01:33:05.340 | Then we split them along the d model dimension into number of heads.

01:33:10.540 | So we can specify how many heads we want.

01:33:12.700 | In our case, the one attention that we will do here is actually only one head.

01:33:18.940 | I will show you later.

01:33:19.740 | And then we calculate the attention for each of this head.

01:33:23.580 | Then we combine back by concatenating this head together.

01:33:28.780 | We multiply this output matrix of the concatenation with another matrix called wo,

01:33:35.260 | which is the output matrix.

01:33:36.620 | And then this is the output of the multi-head attention.

01:33:40.700 | If we have only one head, instead of being a multi-head,

01:33:44.540 | then we will not do this splitting operation.

01:33:46.940 | We will just do this multiplication with the w and with the wo.

01:33:51.260 | And OK, this is how the self-attention works.

01:33:54.940 | So in a self-attention, we have this query key and values coming from the same matrix input.

01:33:59.100 | And this is what we are going to build.

01:34:01.500 | So we have the number of heads.

01:34:12.300 | Then we have the embedding.

01:34:14.380 | So what is the embedding of each token?

01:34:16.700 | But in our case, we are not talking about tokens.

01:34:19.980 | We will talk about pixels.

01:34:21.340 | And we can think that the number of channels of each pixel is the embedding of the pixel.

01:34:26.700 | So the embedding, just like in the original transformer,

01:34:30.380 | the embeddings are the kind of vectors that capture the meaning of the word.

01:34:35.020 | In this case, we have the channels.

01:34:36.540 | Each channel, each pixel represented by many channels

01:34:39.900 | that capture the information about that pixel.

01:34:41.980 | Here we have also the bias for the w matrices,

01:34:49.420 | which we don't have in the original transformer.

01:34:51.500 | OK, now let's define the w matrices.
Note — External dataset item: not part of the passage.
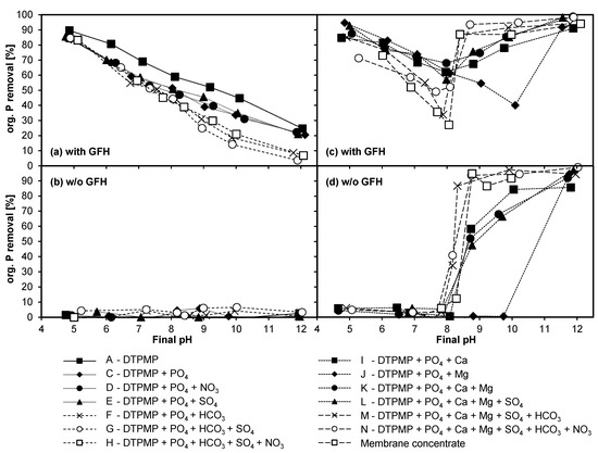 As shown in Figure 4c and Figure 5c, a noticeable change was observed with the addition of cations, indicating a possible synergistic interaction. The distinct tendency towards a drastically enhanced adsorption at pH values > 8 even resulted in an elimination increase of up to > 60 percentage points (e.g., at pH 12, from ~30% (solution C) to > 90% in the presence of CaII (solutions I to N)). However, at pH values > 8, a removal was also observable without GFH (Figure 4d and Figure 5d). Thus, precipitation must have occurred in some form at pH > 8.

01:35:07.900 | So wqwq and wv.

01:35:09.580 | We will represent it as one big linear layer.

01:35:11.980 | Instead of representing it as three different matrices, it's possible.

01:35:17.500 | We just say that it's a big matrix, three by the embedding.

01:35:21.340 | And the bias is if we want it.

01:35:25.260 | So in projection, in projection bias.

01:35:28.620 | So this means stands for in projection,

01:35:30.620 | because it's a projection of the input before we apply the attention.

01:35:34.300 | And then there is an auto projection, which is after we apply the attention.

01:35:37.420 | So the wo matrix.

01:35:47.100 | So as you remember here, the wo matrix is actually the model by the model.

01:35:51.100 | The input is also the model by the model.

01:35:53.420 | And this is exactly what we did.

01:35:54.780 | But we have three of them here.

01:35:56.860 | So it's three by the model.

01:35:58.220 | And then we save the number of heads.

01:36:08.060 | And then we saved the dimension of each head.

01:36:15.500 | The dimension of each head basically means that if we have multi head,

01:36:18.780 | each head will watch a part of the embedding of each token.

01:36:21.980 | So we need to save how much is this size.

01:36:25.820 | So the model divided by the number of heads.

01:36:28.060 | But divide by the number of heads.

01:36:32.700 | Let's implement the forward.

01:36:35.420 | We can also apply a mask.

01:36:43.660 | As you remember, the mask is a way to avoid relating tokens,

01:36:47.580 | one particular token with the tokens that come after it,

01:36:52.540 | but only with the token that come before it.

01:36:54.780 | And this is called the causal mask.

01:36:58.380 | If you really are not understanding what is happening here in the attention,

01:37:05.500 | I highly recommend you watch my previous video,

01:37:07.420 | because it's explained very well.

01:37:09.980 | And if you watch it, it will take not so much time.

01:37:14.380 | And I think you will learn a lot.

01:37:16.300 | So the first thing we do is extract the shape.

01:37:20.780 | Then we extract the size, the sequence,

01:37:31.420 | length and the embedding is equal to input shape.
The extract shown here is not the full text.